====== Stored data ======
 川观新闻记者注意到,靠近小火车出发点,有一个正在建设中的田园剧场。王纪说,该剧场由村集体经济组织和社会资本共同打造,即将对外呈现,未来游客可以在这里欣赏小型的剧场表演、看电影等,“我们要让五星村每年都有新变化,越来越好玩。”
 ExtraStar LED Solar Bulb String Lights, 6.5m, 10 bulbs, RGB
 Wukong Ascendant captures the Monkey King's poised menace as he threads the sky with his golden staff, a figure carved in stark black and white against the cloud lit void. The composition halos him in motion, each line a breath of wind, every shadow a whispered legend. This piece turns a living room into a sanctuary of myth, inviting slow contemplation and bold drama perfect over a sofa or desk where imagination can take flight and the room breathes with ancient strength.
======
====== Stored data ======
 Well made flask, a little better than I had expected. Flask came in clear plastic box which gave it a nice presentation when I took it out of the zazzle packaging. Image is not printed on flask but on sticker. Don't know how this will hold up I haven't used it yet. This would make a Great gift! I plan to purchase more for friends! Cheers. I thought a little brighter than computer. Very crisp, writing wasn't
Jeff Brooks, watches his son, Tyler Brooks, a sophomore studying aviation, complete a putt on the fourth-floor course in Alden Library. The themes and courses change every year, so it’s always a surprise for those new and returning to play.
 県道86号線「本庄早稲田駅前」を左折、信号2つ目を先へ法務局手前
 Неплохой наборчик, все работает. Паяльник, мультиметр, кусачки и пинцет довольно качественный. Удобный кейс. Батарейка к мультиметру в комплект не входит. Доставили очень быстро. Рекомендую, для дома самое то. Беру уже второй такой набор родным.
======
- Activity
Given the records above, restate word for word only the lines starting at the one with "Jeff Brooks, watches" and ending at the one with "Неплохой наборчик, все".

- Result
Jeff Brooks, watches his son, Tyler Brooks, a sophomore studying aviation, complete a putt on the fourth-floor course in Alden Library. The themes and courses change every year, so it’s always a surprise for those new and returning to play.
 県道86号線「本庄早稲田駅前」を左折、信号2つ目を先へ法務局手前
 Неплохой наборчик, все работает. Паяльник, мультиметр, кусачки и пинцет довольно качественный. Удобный кейс. Батарейка к мультиметру в комплект не входит. Доставили очень быстро. Рекомендую, для дома самое то. Беру уже второй такой набор родным.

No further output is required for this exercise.